One of the lesser-known perks of membership in showbiz’s top unions comes around Christmas/Hanukkah/Boxing Day, when moviegoers are standing in freezing theater lines to see the sudden bounty of quality movies. Packages start to arrive at your house, containing DVDs of many of those movies, “screeners” provided to industry insiders who will soon vote on these films for the Oscars, Golden Globes and other awards. As a member of the Screen Actors Guild, I’m one of those lucky union members.

So how did a kid from Negaunee – that’s in the Upper Peninsula, for all you foreigners – come to be passing official judgment on the work of Meryl Streep and Martin Scorsese? Because I know how to juggle.

Let me explain.

One summer I moved to Los Angeles, like many with crazy Hollywood dreams. On arrival, I of course needed work, but I’d just moved from a state with the highest unemployment in the country (Michigan) to a state with the second-highest unemployment in the country (California). It’s like being in the Arabian Desert and feeling thirsty, so you move to the Sahara.

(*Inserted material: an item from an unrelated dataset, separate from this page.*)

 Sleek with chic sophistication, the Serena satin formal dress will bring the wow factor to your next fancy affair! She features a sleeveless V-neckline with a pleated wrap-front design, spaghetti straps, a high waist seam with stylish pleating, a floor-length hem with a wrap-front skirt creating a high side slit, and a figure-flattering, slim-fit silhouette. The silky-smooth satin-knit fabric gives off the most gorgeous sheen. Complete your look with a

I was couch-surfing at my friend Jenna Banko’s house in North Hollywood. She’d starred in a play of mine I’d written at Central Michigan University called “Coffeehouse Philosophy and the Pain It Causes,” about a person who goes into a coffee shop and kills everyone in it. She’d moved on from that world-famous play to working as a background actor for a small movie franchise you’ve probably never heard of, called “Pirates of the Caribbean.” With tales of extravagant costumes, incredible craft services (what civilians know as food), and the thrill of being on the same set as Johnny Depp, she convinced me to throw in an application to Central Casting. I did.

Long story short, Warner Brothers chose me from the pile to be a featured extra for an ABC show called “Pushing Daisies.” The booker asked me if I could juggle. I said yes. I added that I could juggle anything. They hired me.

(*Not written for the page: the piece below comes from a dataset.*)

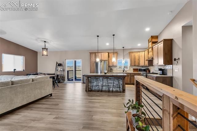 Trade crowded neighborhoods for open skies and room to roam with this beautiful 3,360 sq ft, 4-bedroom, 3-bath ranch-style home on 5 tranquil acres just outside the city. Inside, rustic comfort meets modern rhythm under vaulted ceilings and luxury vinyl plank floors built for real life. The open main level revolves around a granite-topped kitchen and island—where stories are shared and meals begin—opening into a fireplace-warmed living room and out onto a walkout deck that turns ordinary mornings and ordinary evenings into small daily rituals. Down the hall, the primary suite is its own quiet escape, complete with a private deck and a spa-inspired five-piece bath—an easy place to reset at the end of the day. A second bedroom and full bathroom on the main level offer comfort and convenience. The fully finished walkout basement introduces a secondary living area with a wet bar & family room, offering a natural extension of the home for entertaining or unwinding. Two additional bedrooms and a full bathroom create versatile options for workspaces, studios, or multi-generational living. Built in 2023, this home delivers confidence in its major systems and roof, so you can focus on enjoying the lifestyle it offers. Outside, experience quieter days, darker night skies, and the escape from suburban sprawl—all while still being just a short drive from town conveniences. Zoned for horses and livestock, this property offers more than just space — it promises room for animals, wide-open views, and the timeless reward of owning your own slice of land.

After the call, I had the revelation that I’d said “anything.” And anything covers a lot. Including pins, chainsaws, bottles of acid, and wrapped up balls of barbed wire.

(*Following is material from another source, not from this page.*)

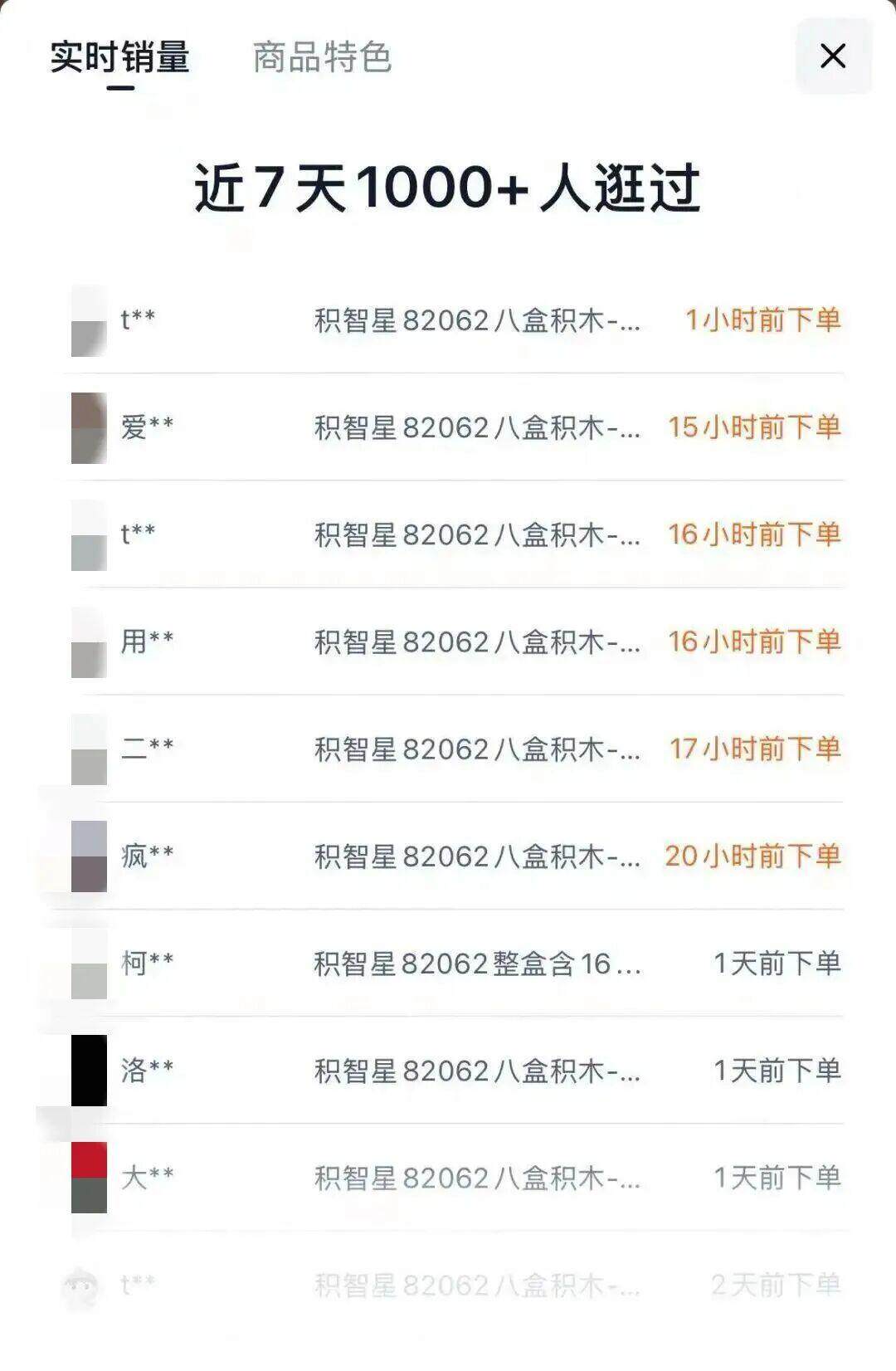 平台显示,该玩具“近7天1000+人逛过”“周销量上涨10+倍”,是“店铺新品销冠”。最新销售记录为“1小时前下单”。

I had some preparation to do.

Luckily, I’d heard a recent Forest Whitaker interview where he spoke about getting his role in “The Color of Money.” They’d asked him if he had experience playing billiards and he said he did. Of course he didn’t. So he started playing billiards 14 hours a day, until he got pretty good. What stuck in my mind from that interview was that to be an actor, even a background actor, you have to be able to learn, fast.

I started juggling 12 hours a day. I treated it as a job. Because it was a job. And I got good, fast.

So good that I went from being just OK with three balls to being able to actually juggle three rings. I could throw one up high into the air, have it land on the tent they were using for filming, spin down and grab it before it landed while continuing to juggle. On a scale of one to 10, I’d give that a nine.

And that’s what got me my SAG card, Screen Actors Guild membership.

The theater major actors I knew from CMU didn’t even have that. And I got it within weeks of my arrival, because of dumb luck and the advice of Forest Whitaker.

And now, every winter, I have the pleasure of getting the best films of the year delivered to my house, where I get to analyze which actor put in the best work to earn my vote.

It’s fun. I love it. God bless SAG/AFTRA. It’s a perfect blend of Christmas, the arts, and democracy.